SUPPLIED MATERIAL
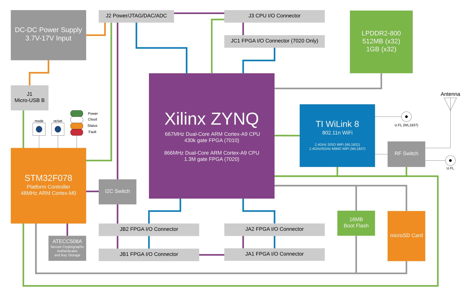 Dual-Core 866 MHz ARM Cortex-A9 w/1.3M ASIC gates, 180 reconfigurable I/O, 1 GB LPDDR2 RAM, 2.4 GHz + 5 GHz 802.11n 2x2 MIMO Wi-Fi, copperHead heat sink, free SDSoC license.
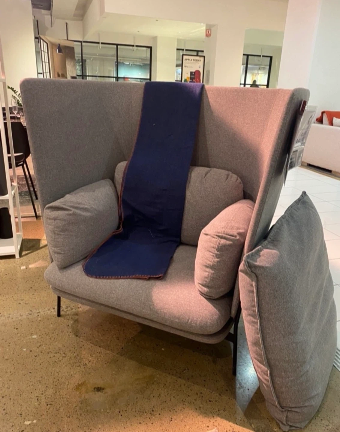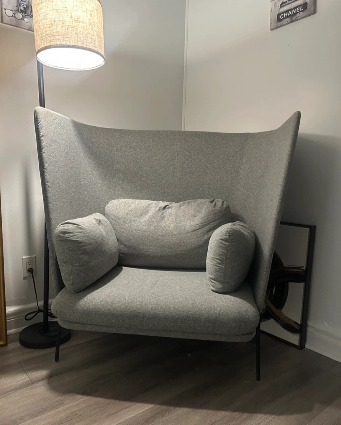Selling a comfortable Article Embrace armchair in a neutral grey colour. It's in great condition and would be a lovely addition to any living space. It features a high back and supportive armrests, perfect for relaxing with a good book or watching a movie. The chair is made with quality materials and has a modern design.
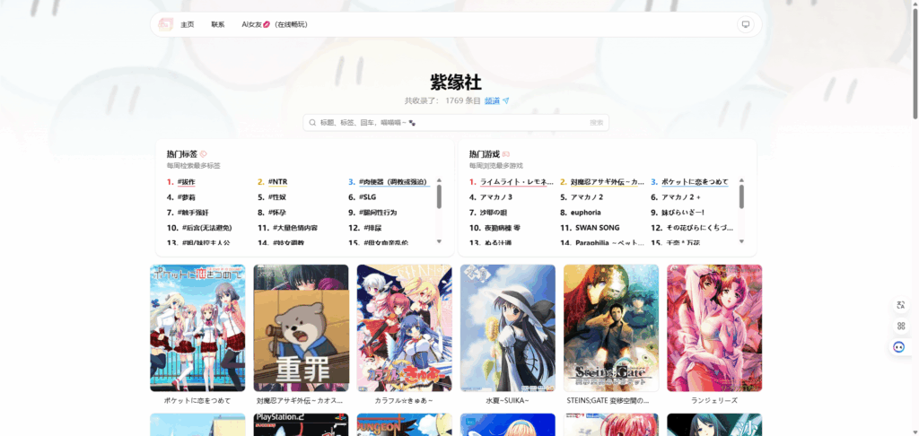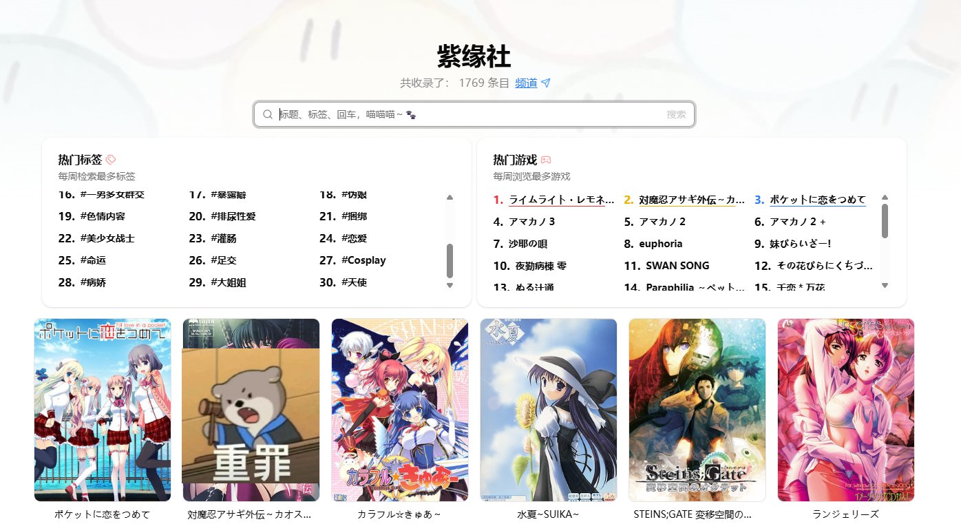 紫缘社是一个能免费提供 Galgame 游戏下载的资源型网站(紫缘两个字多半也是为了谐音“资源”吧),网站内收录了1000+的游戏资源,数量算是非常庞大,并且目前仍然在维持更新中,你可以在网站内查看到游戏的基础简介,在觉得感兴趣的情况下,就可以直接在线免费下载,整个网站使用流程都非常简单,基本上算是无广告了,我个人觉得还是值得收藏一下。

WORK REQUIRED
Leaving the pictures aside, repeat the data above exactly.

COMPLETED EXERCISE
 Dual-Core 866 MHz ARM Cortex-A9 w/1.3M ASIC gates, 180 reconfigurable I/O, 1 GB LPDDR2 RAM, 2.4 GHz + 5 GHz 802.11n 2x2 MIMO Wi-Fi, copperHead heat sink, free SDSoC license.
Selling a comfortable Article Embrace armchair in a neutral grey colour. It's in great condition and would be a lovely addition to any living space. It features a high back and supportive armrests, perfect for relaxing with a good book or watching a movie. The chair is made with quality materials and has a modern design.
 紫缘社是一个能免费提供 Galgame 游戏下载的资源型网站(紫缘两个字多半也是为了谐音“资源”吧),网站内收录了1000+的游戏资源,数量算是非常庞大,并且目前仍然在维持更新中,你可以在网站内查看到游戏的基础简介,在觉得感兴趣的情况下,就可以直接在线免费下载,整个网站使用流程都非常简单,基本上算是无广告了,我个人觉得还是值得收藏一下。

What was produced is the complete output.